Going down the listing below, print exactly each line from the one with "ストール 赤¥24,200(アソース メレ/アイネックス)花柄ストール¥49,500(セントピース/サードマガジン)ストール" up to and including the one with "로마의 대표 유적지 콜로세움은", and skip the rest.

[DATA FOR PROCESSING]
────────

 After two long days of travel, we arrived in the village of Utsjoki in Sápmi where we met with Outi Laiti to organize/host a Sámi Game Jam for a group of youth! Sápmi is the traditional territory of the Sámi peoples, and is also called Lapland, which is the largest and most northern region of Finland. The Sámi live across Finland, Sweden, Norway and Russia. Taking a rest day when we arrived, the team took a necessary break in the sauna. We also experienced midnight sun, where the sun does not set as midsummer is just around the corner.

────────

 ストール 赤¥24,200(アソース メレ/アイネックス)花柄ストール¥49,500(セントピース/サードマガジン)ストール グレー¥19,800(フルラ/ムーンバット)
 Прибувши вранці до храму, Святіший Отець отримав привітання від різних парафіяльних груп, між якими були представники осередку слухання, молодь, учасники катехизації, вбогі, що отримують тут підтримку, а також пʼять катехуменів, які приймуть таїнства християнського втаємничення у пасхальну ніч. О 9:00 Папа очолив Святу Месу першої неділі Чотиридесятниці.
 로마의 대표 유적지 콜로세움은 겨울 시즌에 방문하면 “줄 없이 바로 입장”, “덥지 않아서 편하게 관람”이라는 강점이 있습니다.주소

────────

[SOLVED EXERCISE]
 ストール 赤¥24,200(アソース メレ/アイネックス)花柄ストール¥49,500(セントピース/サードマガジン)ストール グレー¥19,800(フルラ/ムーンバット)
 Прибувши вранці до храму, Святіший Отець отримав привітання від різних парафіяльних груп, між якими були представники осередку слухання, молодь, учасники катехизації, вбогі, що отримують тут підтримку, а також пʼять катехуменів, які приймуть таїнства християнського втаємничення у пасхальну ніч. О 9:00 Папа очолив Святу Месу першої неділі Чотиридесятниці.
 로마의 대표 유적지 콜로세움은 겨울 시즌에 방문하면 “줄 없이 바로 입장”, “덥지 않아서 편하게 관람”이라는 강점이 있습니다.주소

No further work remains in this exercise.